Civic virtue is a concept that refers to the set of habits, values, and attitudes that promote the general welfare and the effective functioning of a society. Closely linked to the concept of citizenship, civic virtue (virtus) represents, therefore, the disposition of citizens to put the common good (bonum commune) before special interests. The identification of the character traits that constitute civic virtue has been a major concern of political philosophy. The term civility refers to behavior between persons and groups that conforms to a social mode (that is, in accordance with the civil society), as itself being a foundation of society and law.

==In republics==
Civic virtues are historically taught as a matter of chief concern in nations under republican forms of government, and societies with cities. When final decisions on public matters are made by a monarch, it is the monarch's virtues which influence those decisions. When a broader class of people become the decision-makers, it is then their virtues which characterize the types of decisions made. This form of decision-making is considered superior in determining what best protects the interests of the majority. Aristocratic oligarchies may also develop traditions of public lists of virtues they believe appropriate in the governing class, but these virtues differ from the general civic virtues; for example, ruling class virtues stress martial courage over commercial honesty. Constitutions became important in defining the public virtue of republics and constitutional monarchies. The earliest forms of constitutional development can be seen in late medieval Germany (see Communalism before 1800) and in the Dutch and English revolts of the 16th and 17th centuries.

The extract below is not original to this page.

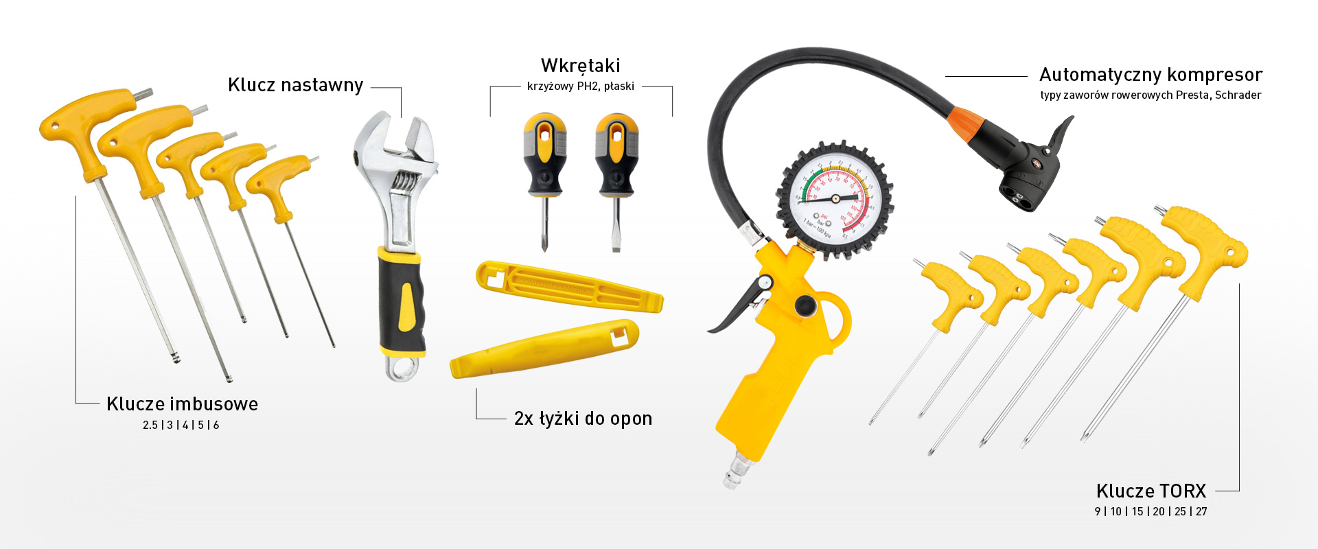 klucze imbusowe 2,5, 3, 4, 5, 6, 8, klucze TORX, T9, T10, T15, T20, T25, T27, wkrętak płaski

===In ancient Greece and Rome===

In the classical culture of Europe and those places that follow its political tradition, concern for civic virtue starts with the oldest republics of which we have extensive records, Athens and Rome. Attempting to define the virtues needed to successfully govern the Athenian polis was a matter of significant concern for Socrates and Plato; a difference in civic vision ultimately was one of the factors that led to the trial of Socrates and his conflict with the Athenian democracy. The Politics of Aristotle viewed citizenship as consisting, not of political rights, but rather of political duties. Citizens were expected to put their private lives and interests aside and serve the state in accordance with duties defined by law.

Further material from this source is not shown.